Systemic sclerosis (SSc or scleroderma) is a connective tissue disease characterised by excessive fibrosis and extracellular matrix deposition in the skin, lung, and other visceral organs.1 Despite recent advances in understanding the disease pathogenesis, the pathogenic processes underlying the various phenotypic manifestations, intensification of symptoms and clinical expression of the disease are still not well understood. Disease progression is characterised by an early inflammatory onset followed by tissue fibrosis and proliferative vasculopathy. In the clinic, these events are leading to skin fibrosis, interstitial lung disease, myocardial insufficiency, vascular obliteration, distal ulcerations and gangrene. The early inflammatory phase involves the immune cell network including lymphocytes, eosinophils and monocytes, as well as endothelial and endothelial progenitor cells. In the advanced phase, fibroblasts and myofibroblasts take the lead to generate tissue fibrosis.2–4

Chemokines are a group of small signalling proteins that induce migration and activation of cells.5 During inflammation, immune cells release chemokines that promote cellular migration, induce immune cell and fibroblast activation, trigger differentiation of T-cells to the T helper phenotype and induce transition of fibroblasts to profibrotic myofibroblasts.6 7 In SSc pathogenesis, chemokines have been proposed to foster migration and activation of inflammatory and fibrotic cells, inducing the secretion of cytokines that promote collagen and matrix deposition in the affected organs.8 Indeed, patients with SSc exhibit increased systemic levels of proinflammatory chemokines including CCL2, CCL5, CCL3, CXCL8, CXCL9, CXCL10 and CXCL16 (Chemokine c-c and c-x-c motifs ligand).9–12 Some were also shown to be correlated to limited or diffuse cutaneous disease phenotype and/or to organ-specific pathology as lung disease or skin vascular inflammation.13–15

CCL24 (Chemokine c-c motif ligand 24, eotaxin-2) is a chemokine that promotes immune cell trafficking and activation as well as profibrotic activities through the CCR3 receptor (C-C chemokine receptor type 3).16 Both CCL24 and CCR3 were shown to be involved in lung and skin inflammation and fibrosis in previous studies.17–19

CCR3 is robustly expressed on eosinophils and recent data suggested that eosinophilic inflammation might be involved in the pathogenesis and progression of SSc. In SSc patients, eosinophil counts, but not total leukocytes, were significantly higher than in patients with other connective autoimmune diseases. Eosinophil counts correlated positively with both interstitial lung disease severity and modified Rodnan skin thickness score.20 Notably, CCR3 was demonstrated to be expressed on oral and dermal fibroblasts where it modulates wound healing and tissue remodelling processes.17 21 A recent study by Lee et al also showed overexpression of CCR3 on monocyte populations isolated from SSc patients.22

CCL24 was shown to be involved in proinflammatory reactions, specifically contributing to the type 2 immune reaction involving Th2 lymphocytes and M2 macrophages that were shown to be present in skin lesions of SSc patients.23 24 Accordingly, CCL24 was found to play a dominant role in inducing profibrotic effects and to be overexpressed in fibrotic lungs and bronchoalveolar lavage fluid from patients with idiopathic pulmonary fibrosis (IPF), a disease sharing similar lung dysfunction features with SSc.18 25 26 Furthermore, CCL24 was shown to promote collagen production in human lung fibroblasts27 and to be constitutively expressed by dermal fibroblasts.28

Altogether, these studies may suggest a potential role of CCL24/CCR3 signalling in the pathogenesis of SSc.

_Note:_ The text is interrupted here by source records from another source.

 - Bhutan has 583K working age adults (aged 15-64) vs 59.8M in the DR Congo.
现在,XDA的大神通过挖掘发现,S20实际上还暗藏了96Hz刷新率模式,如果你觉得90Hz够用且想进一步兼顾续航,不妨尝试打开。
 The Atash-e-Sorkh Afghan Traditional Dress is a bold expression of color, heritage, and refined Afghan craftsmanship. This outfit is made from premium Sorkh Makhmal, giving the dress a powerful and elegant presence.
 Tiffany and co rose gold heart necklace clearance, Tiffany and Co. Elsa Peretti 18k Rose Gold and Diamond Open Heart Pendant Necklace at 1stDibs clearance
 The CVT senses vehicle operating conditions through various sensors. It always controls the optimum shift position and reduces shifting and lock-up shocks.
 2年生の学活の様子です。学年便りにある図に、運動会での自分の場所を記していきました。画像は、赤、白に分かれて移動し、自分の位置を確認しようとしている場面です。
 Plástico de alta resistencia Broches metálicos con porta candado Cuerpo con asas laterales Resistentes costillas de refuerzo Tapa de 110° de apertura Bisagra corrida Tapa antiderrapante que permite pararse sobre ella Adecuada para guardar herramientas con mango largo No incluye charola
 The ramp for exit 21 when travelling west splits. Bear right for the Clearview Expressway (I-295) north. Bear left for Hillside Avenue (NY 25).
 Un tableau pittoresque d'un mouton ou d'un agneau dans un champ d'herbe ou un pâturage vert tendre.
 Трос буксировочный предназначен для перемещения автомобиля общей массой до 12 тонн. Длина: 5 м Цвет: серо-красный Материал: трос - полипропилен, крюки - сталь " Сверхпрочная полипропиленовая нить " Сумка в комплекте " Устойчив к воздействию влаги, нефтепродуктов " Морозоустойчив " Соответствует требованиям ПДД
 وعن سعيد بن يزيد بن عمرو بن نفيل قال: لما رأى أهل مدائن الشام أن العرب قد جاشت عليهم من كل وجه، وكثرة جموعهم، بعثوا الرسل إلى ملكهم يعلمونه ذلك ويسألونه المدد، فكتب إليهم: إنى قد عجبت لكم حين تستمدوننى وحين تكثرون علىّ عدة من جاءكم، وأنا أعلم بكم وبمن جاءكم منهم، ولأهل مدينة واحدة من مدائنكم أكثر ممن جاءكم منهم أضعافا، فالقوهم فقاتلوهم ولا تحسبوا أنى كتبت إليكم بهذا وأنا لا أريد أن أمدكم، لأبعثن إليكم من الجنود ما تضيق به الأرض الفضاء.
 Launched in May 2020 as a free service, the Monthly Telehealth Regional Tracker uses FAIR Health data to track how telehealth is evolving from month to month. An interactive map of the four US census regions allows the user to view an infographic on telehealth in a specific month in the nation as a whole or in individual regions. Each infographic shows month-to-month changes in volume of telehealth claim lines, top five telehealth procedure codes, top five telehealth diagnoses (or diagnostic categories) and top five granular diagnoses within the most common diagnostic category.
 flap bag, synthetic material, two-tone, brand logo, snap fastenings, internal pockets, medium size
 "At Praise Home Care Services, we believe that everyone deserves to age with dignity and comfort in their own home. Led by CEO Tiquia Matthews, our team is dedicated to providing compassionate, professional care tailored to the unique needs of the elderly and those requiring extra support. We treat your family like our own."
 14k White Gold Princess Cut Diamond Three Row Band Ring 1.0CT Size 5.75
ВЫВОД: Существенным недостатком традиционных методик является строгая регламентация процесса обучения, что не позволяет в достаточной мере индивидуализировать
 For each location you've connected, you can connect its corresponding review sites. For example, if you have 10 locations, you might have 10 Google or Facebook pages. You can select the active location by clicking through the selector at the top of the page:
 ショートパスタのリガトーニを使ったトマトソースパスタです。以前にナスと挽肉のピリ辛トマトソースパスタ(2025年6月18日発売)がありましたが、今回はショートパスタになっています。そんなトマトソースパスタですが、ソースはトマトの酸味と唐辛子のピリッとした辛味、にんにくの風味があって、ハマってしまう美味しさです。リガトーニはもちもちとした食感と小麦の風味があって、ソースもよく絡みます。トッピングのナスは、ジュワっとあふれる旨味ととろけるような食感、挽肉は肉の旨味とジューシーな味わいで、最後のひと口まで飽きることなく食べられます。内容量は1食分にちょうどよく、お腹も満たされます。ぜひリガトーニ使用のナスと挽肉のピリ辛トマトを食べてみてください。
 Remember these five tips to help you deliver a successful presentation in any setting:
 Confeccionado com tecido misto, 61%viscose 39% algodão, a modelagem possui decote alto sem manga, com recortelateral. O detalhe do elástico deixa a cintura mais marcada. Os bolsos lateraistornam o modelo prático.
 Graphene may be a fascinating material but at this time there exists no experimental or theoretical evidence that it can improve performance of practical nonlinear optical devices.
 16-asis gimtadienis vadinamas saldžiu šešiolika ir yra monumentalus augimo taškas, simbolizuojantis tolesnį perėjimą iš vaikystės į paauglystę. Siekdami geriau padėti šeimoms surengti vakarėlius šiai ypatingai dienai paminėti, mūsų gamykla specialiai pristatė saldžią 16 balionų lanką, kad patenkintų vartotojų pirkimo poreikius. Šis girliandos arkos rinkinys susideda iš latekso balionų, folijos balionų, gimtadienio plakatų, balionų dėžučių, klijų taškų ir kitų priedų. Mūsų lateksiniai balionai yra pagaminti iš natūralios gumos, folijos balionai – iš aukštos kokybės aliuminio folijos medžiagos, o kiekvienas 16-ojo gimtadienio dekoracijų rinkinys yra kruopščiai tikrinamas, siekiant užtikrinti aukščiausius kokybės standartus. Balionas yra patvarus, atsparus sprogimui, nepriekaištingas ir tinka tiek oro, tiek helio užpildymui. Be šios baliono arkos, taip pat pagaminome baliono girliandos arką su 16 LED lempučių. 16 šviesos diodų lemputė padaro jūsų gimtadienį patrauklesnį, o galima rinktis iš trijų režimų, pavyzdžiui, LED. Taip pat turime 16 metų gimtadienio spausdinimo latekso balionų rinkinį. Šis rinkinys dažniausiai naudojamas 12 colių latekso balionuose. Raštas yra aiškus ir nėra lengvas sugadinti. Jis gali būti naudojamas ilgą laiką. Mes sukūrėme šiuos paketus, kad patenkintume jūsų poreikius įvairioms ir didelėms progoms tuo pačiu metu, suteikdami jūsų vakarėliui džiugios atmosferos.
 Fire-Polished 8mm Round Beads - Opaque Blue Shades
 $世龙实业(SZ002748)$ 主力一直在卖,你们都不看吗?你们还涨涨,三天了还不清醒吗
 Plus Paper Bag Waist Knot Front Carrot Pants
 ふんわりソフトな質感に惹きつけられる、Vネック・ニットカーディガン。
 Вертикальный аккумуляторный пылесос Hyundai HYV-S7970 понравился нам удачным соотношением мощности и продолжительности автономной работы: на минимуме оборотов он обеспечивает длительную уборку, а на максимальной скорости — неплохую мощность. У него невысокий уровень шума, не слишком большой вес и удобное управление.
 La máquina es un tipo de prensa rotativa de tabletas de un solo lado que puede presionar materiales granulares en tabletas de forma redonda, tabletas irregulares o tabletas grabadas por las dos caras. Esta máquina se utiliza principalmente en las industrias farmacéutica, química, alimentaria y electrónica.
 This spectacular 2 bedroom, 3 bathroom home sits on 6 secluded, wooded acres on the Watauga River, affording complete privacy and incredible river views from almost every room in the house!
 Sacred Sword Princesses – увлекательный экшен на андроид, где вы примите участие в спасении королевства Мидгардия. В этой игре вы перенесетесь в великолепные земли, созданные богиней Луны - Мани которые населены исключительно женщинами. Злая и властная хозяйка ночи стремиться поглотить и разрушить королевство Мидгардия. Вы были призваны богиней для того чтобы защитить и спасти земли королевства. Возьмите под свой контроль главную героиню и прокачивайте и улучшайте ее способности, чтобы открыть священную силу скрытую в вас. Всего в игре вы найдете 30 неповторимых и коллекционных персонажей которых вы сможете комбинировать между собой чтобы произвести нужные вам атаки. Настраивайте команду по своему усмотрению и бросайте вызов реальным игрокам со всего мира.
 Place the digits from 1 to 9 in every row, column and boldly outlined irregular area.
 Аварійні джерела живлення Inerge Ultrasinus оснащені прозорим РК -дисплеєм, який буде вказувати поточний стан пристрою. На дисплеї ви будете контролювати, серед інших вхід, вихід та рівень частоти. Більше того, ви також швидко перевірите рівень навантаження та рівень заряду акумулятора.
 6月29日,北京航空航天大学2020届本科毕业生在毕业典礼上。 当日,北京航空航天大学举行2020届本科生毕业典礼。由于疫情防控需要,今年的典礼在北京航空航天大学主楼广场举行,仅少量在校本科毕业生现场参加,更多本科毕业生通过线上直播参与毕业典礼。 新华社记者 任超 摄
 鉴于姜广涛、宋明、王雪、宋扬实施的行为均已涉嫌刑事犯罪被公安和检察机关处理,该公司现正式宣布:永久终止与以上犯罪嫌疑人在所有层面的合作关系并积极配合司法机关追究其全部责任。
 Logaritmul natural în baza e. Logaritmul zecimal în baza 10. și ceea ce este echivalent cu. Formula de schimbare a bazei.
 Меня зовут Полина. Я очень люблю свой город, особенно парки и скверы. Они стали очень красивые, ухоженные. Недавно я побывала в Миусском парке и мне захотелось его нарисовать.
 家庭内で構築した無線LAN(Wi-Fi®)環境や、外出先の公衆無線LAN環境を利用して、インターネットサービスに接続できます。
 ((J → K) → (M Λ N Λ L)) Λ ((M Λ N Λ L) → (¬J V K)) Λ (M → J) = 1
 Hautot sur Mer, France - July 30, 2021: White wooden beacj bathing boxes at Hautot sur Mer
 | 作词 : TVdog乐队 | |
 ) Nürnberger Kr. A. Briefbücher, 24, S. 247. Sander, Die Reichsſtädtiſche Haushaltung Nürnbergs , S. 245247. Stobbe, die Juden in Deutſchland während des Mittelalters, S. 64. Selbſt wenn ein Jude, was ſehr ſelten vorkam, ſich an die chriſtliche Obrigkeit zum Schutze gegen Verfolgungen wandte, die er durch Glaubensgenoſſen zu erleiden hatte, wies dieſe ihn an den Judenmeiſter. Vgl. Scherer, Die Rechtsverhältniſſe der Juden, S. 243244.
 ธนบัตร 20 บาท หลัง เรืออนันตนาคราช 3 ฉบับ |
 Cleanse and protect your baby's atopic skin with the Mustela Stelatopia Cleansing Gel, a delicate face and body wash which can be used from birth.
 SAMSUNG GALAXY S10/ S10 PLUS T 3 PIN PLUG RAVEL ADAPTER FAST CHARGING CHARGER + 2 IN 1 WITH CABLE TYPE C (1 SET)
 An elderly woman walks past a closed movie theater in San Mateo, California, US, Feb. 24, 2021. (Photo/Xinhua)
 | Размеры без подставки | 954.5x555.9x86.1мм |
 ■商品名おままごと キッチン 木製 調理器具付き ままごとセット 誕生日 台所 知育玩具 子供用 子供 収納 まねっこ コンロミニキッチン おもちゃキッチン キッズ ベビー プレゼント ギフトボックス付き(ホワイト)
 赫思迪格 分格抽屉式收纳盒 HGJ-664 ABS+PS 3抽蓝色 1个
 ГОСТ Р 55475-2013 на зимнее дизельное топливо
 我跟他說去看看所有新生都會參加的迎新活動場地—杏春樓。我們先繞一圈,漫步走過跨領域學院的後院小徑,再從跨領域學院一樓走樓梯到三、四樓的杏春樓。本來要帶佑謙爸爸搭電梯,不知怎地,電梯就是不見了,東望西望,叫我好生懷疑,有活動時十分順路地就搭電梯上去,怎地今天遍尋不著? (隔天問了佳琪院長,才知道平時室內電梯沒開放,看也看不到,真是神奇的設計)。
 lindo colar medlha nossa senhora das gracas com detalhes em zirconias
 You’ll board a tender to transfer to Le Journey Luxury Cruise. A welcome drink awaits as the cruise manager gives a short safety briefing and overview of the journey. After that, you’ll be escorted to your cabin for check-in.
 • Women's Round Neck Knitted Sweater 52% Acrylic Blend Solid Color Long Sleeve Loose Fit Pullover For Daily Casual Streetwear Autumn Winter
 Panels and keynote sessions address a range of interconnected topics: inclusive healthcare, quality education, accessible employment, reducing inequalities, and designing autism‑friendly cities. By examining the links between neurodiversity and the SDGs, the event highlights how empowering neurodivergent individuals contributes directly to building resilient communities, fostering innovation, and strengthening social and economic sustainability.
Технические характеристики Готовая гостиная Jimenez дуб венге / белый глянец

CM-101 is a humanised monoclonal antibody (mAb) that targets the human chemokine CCL24. Previous studies have shown that administration of CM-101, by binding CCL24 with high affinity, reduced proinflammatory responses in animal models of several diseases including atherosclerosis, rheumatoid arthritis and multiple sclerosis.29–31 This experimental evidence supports the ability of CM-101 to significantly interfere with proinflammatory processes in vivo.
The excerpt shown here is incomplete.